At the same time, hardware costs declined faster than most industry forecasts anticipated. Goldman Sachs estimated humanoid manufacturing costs fell roughly 40% between 2023 and 2025, from approximately $50,000–250,000 per unit to roughly $30,000–150,000, depending on configuration and sourcing. Chinese supply-chain integration appears to be the primary driver of that compression. Morgan Stanley’s Optimus teardown analysis estimated a fully localized Chinese supply chain reduced Tesla’s humanoid bill of materials by nearly two-thirds relative to Western sourcing.

The central issue for investors is that deployment economics still lag valuation assumptions. No humanoid platform has yet demonstrated the reliability, uptime, or maintenance profile required for large-scale unsubsidized deployment outside structured pilot programs. Mean-time-between-failure metrics remain well below industrial automation standards. Runtime limitations, dexterous manipulation challenges, and integration complexity continue to constrain real-world utilization.

The autonomous-vehicle sector provides the closest historical comparison. Cruise and Argo AI raised billions of dollars before failing to achieve economically viable scale. Waymo ultimately survived, but only after more than a decade of Alphabet-funded development. Humanoid robotics entered 2026 with valuations comparable to peak autonomous-vehicle financing cycles despite substantially lower revenue and limited production deployment.
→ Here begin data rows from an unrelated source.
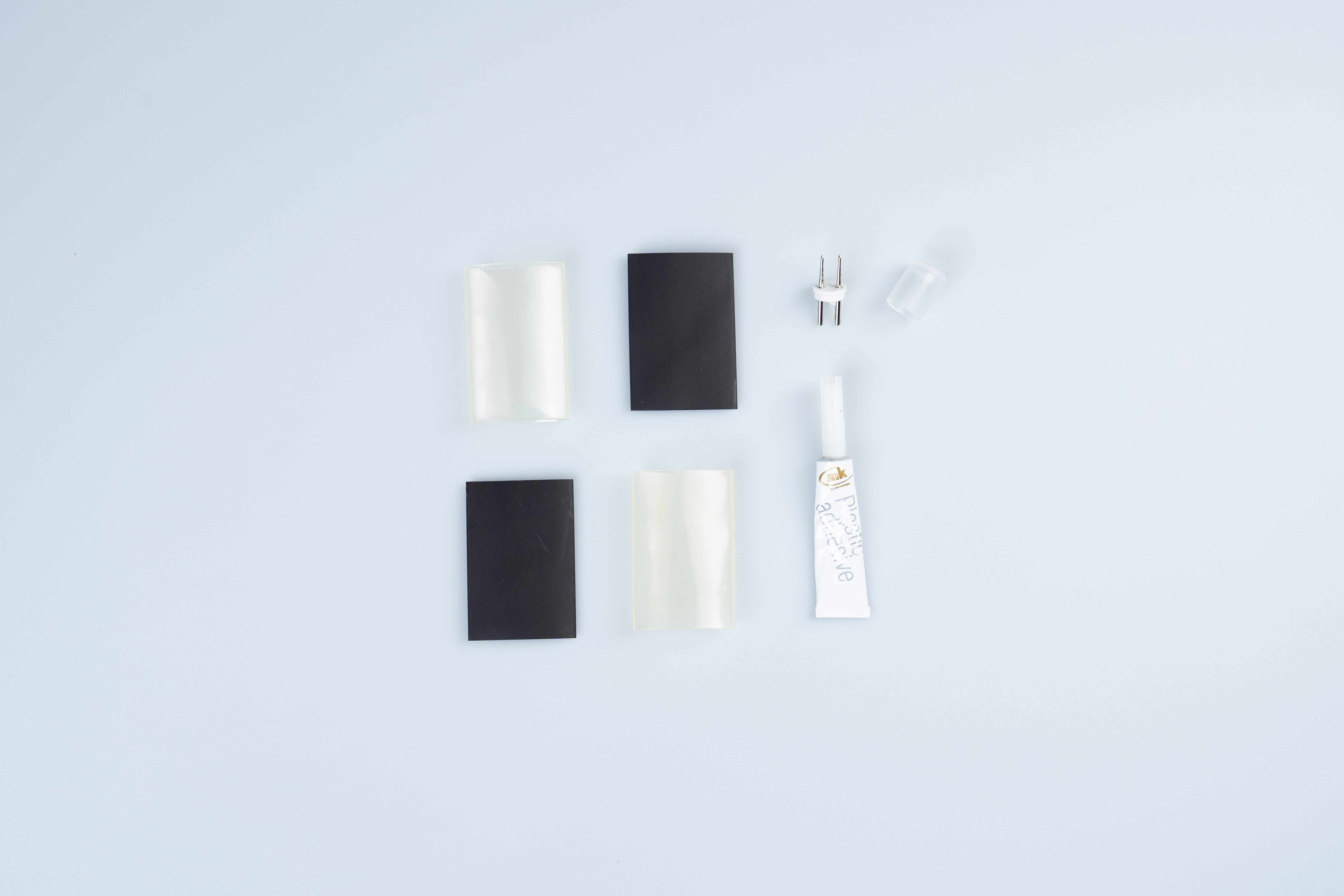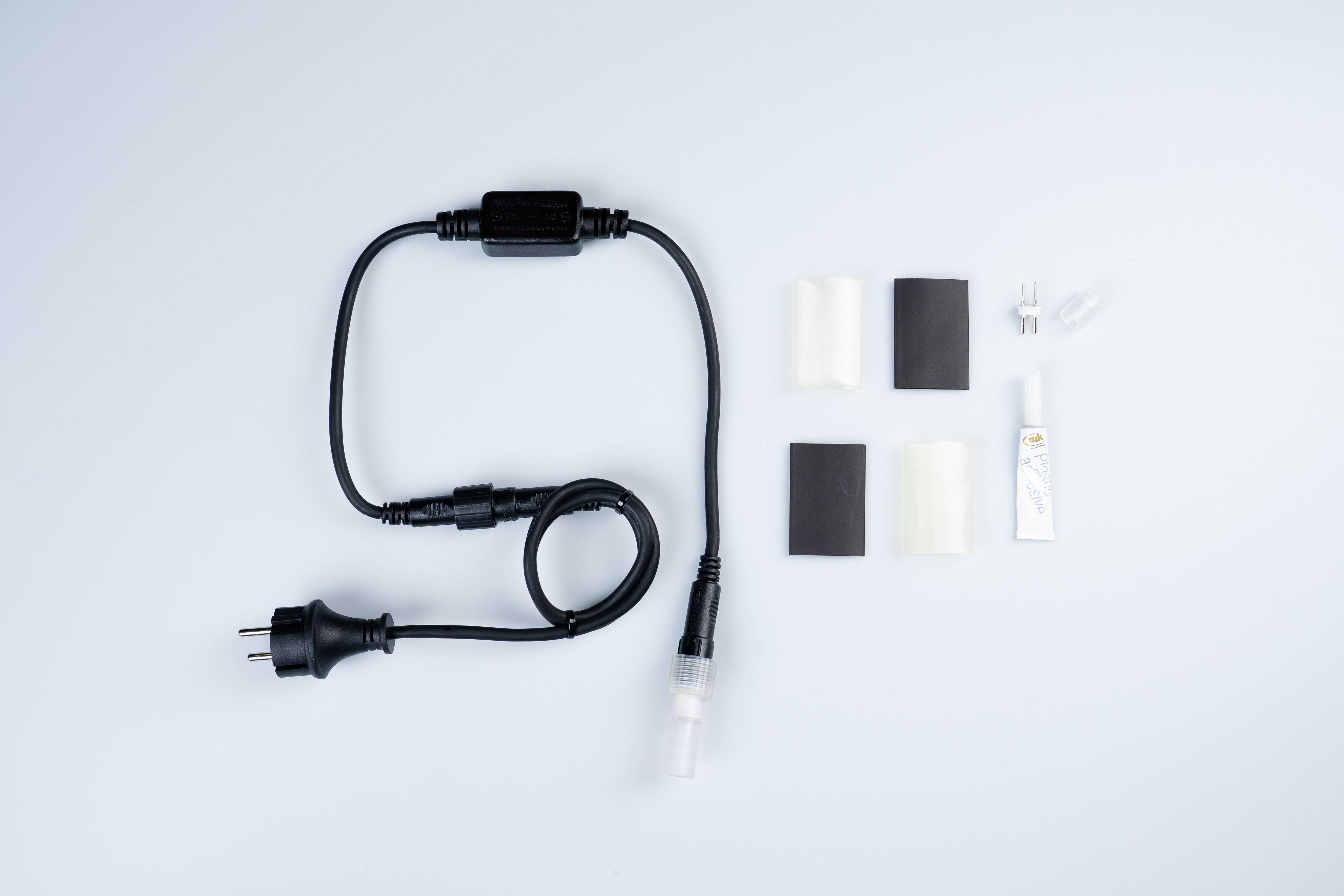 Das Anschluss-Set für LED Lichtschläuche enthält alles, was für eine einfache und sichere Installation benötigt wird: einen AC/DC-Wandler, eine Endkappe, Lösungsmittelkleber, einen Einspeisepin und 2 Schrumpfschläuche. Ideal für eine zuverlässige Verbindung und langlebige Nutzung Ihrer LED Lichtschläuche.
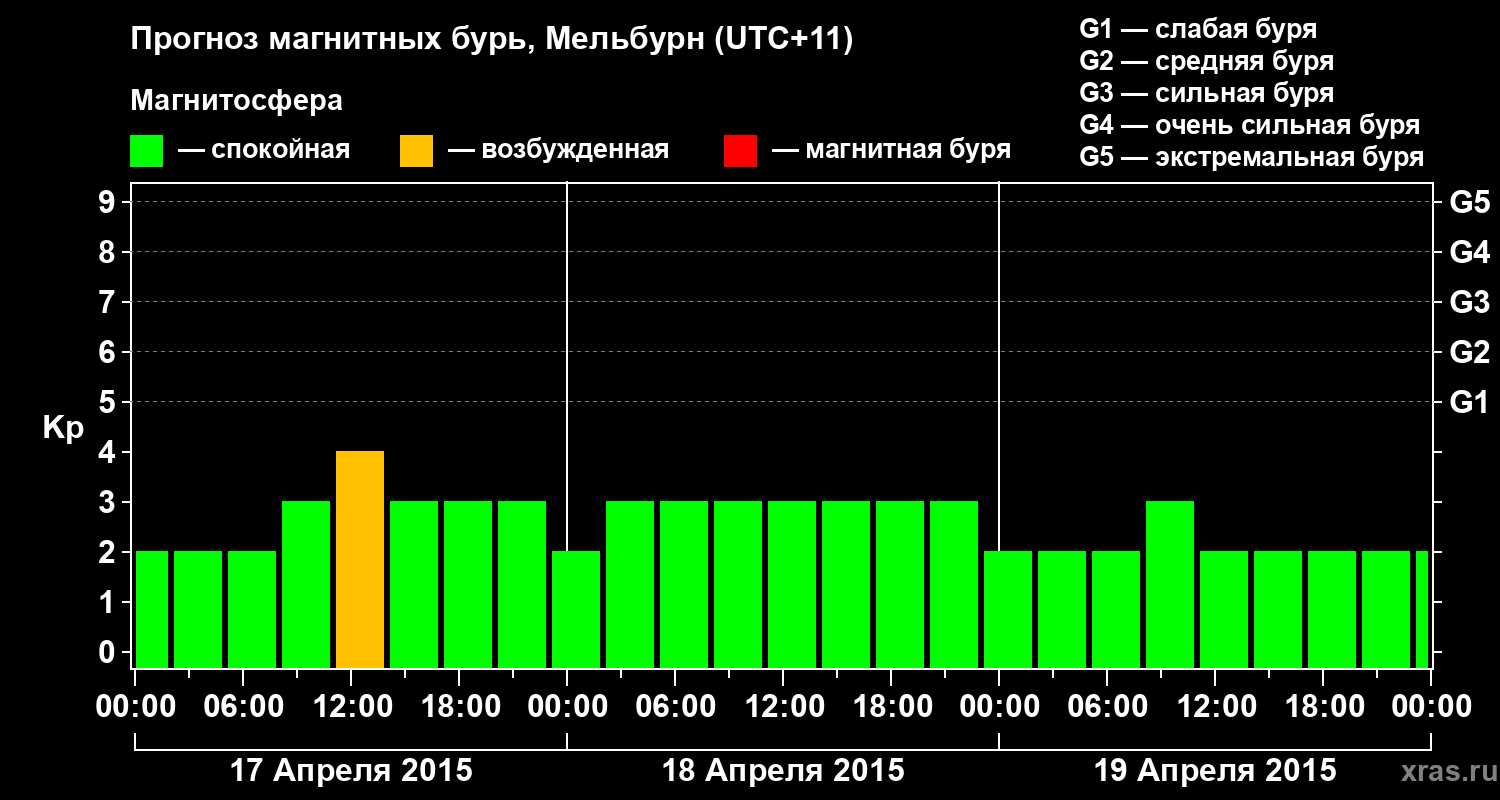 Прогноз магнитных бурь в Мельбурне — 17 апреля 2015 года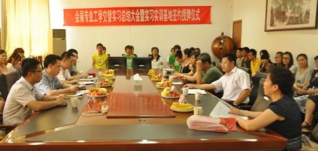 2012年6月26日下午,中貿(mào)國際與山東電子職業(yè)技術學院舉辦了會展策劃與管理專業(yè)“工學交替”實習總結(jié)大會暨校外實習基地簽約授牌儀式。山東省會展業(yè)協(xié)會常務副秘書長燕飛、山東中貿(mào)國際經(jīng)濟貿(mào)易推廣服務中心主任杜磊及三位項目經(jīng)理應邀出席,山東電子職業(yè)技術學院王協(xié)瑞副院長、管理系梁會亭主任及部分教師、輔導員和會展專業(yè)學生參加了此次會議。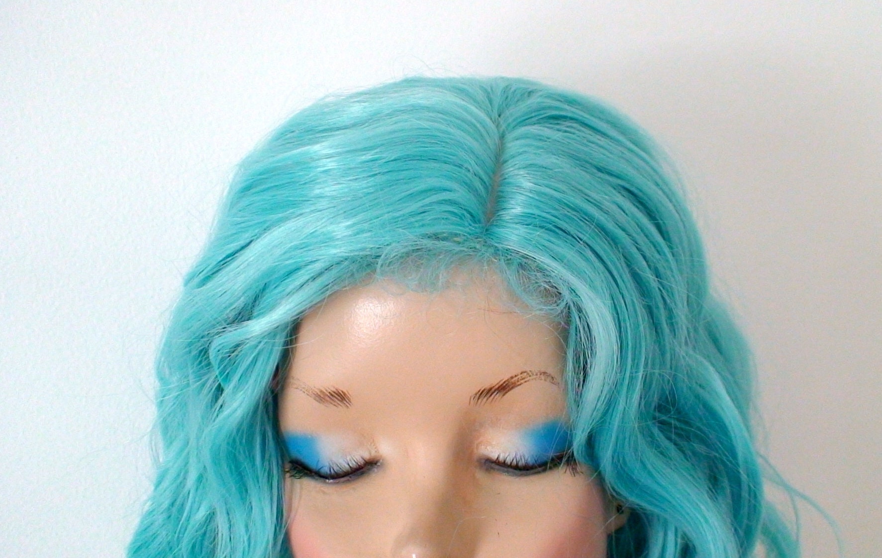 Turquoise Blue Wig 16 Wavy Hair Wig Heat Friendly Etsy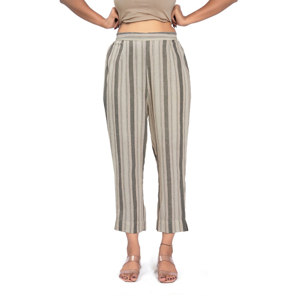 Description : Featuring Sustainable Grey Striped Handloom Cotton Pants with Back Elastic At Waistline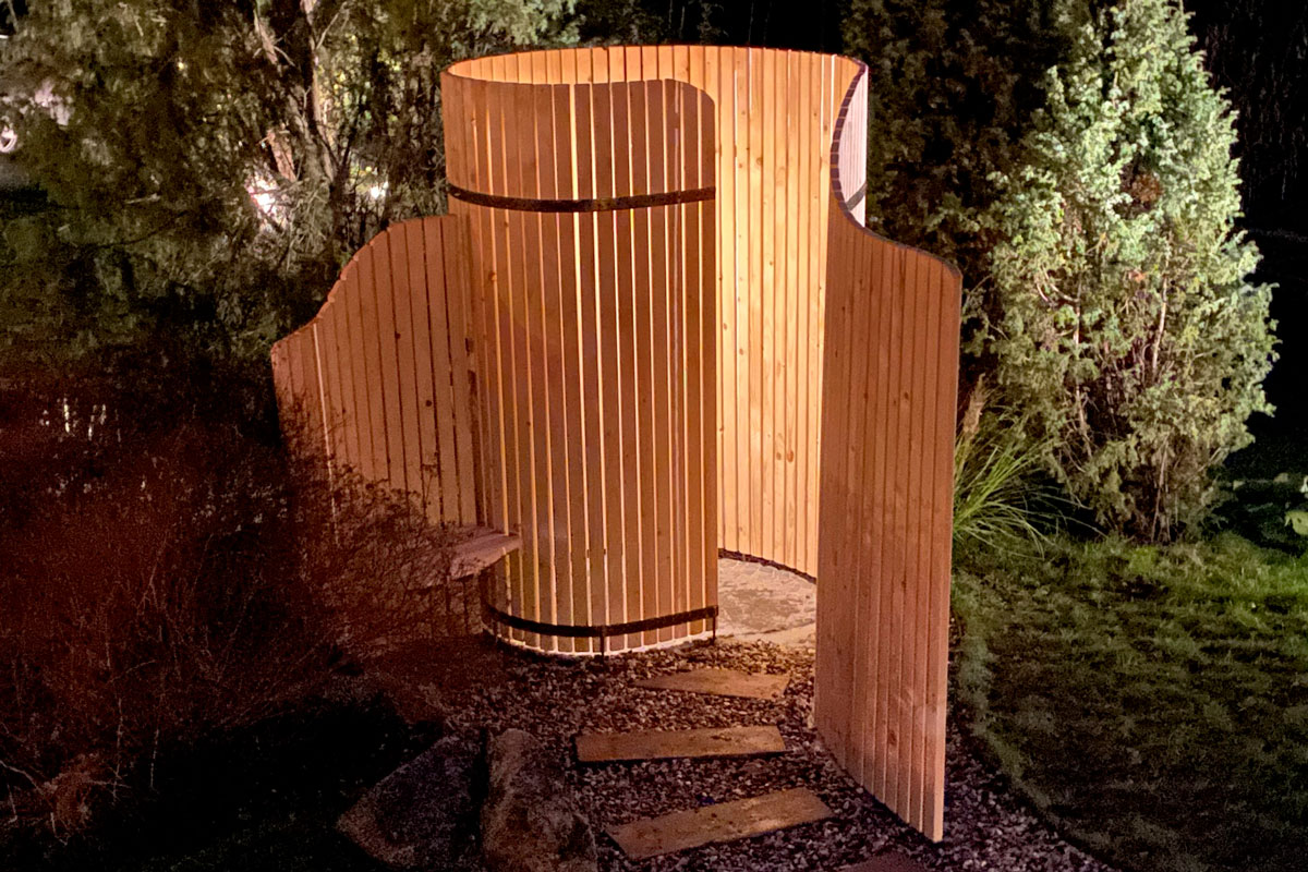 Vi kunde inte motstå den charmiga utomhusduschen som Örjan har byggt. Uteduschen är tillverkad av träribbor som hålls samman av beslag av cortenstål, och har både varmt och kallt vatten.

For that reason, Mainsheet views the most attractive near-term exposure as infrastructure rather than broad integrator risk. NVIDIA remains the clearest example, capturing value through compute, simulation, training infrastructure, and strategic equity positions across the sector. Component suppliers, actuator manufacturers, and foundation-model platforms may ultimately prove more durable than many current humanoid OEMs. Among Western integrators, Agility Robotics currently has the strongest commercial positioning based on recurring revenue and deployed customer contracts. Figure AI, Apptronik, and Boston Dynamics remain important companies to monitor, but the next 24 months will likely determine whether current valuations can be operationally justified.

2. Market Size and Commercial Outlook

Forecast dispersion across the humanoid robotics market is driven primarily by differences in scope and time horizon. Goldman Sachs’ widely cited estimate measures humanoid hardware shipments only and projects a $38 billion market by 2035. Morgan Stanley’s projections include hardware, software, services, and supporting infrastructure, producing a substantially larger long-term estimate of roughly $5 trillion by 2050. Other institutions, including Citi, Deutsche Bank, and Bank of America, model similarly expansive outcomes based on assumptions of widespread household and industrial adoption.

These forecasts are not directly comparable. Some model annual hardware revenue, while others estimate the value of the broader labor and automation ecosystem humanoids could eventually address. The more useful observation is that nearly all major forecasts now assume meaningful commercialization within the next decade. That shift alone represents a substantial change from consensus views held only two years ago.

Near-term deployment data remains modest relative to long-term projections. Global humanoid shipments in 2025 totaled roughly 13,000–16,000 units, with Chinese manufacturers accounting for approximately 80% of volume. AGIBOT shipped more than 5,000 units during the year, while Unitree shipped over 5,500. By comparison, Tesla, Figure, and Agility each deployed only hundreds of units.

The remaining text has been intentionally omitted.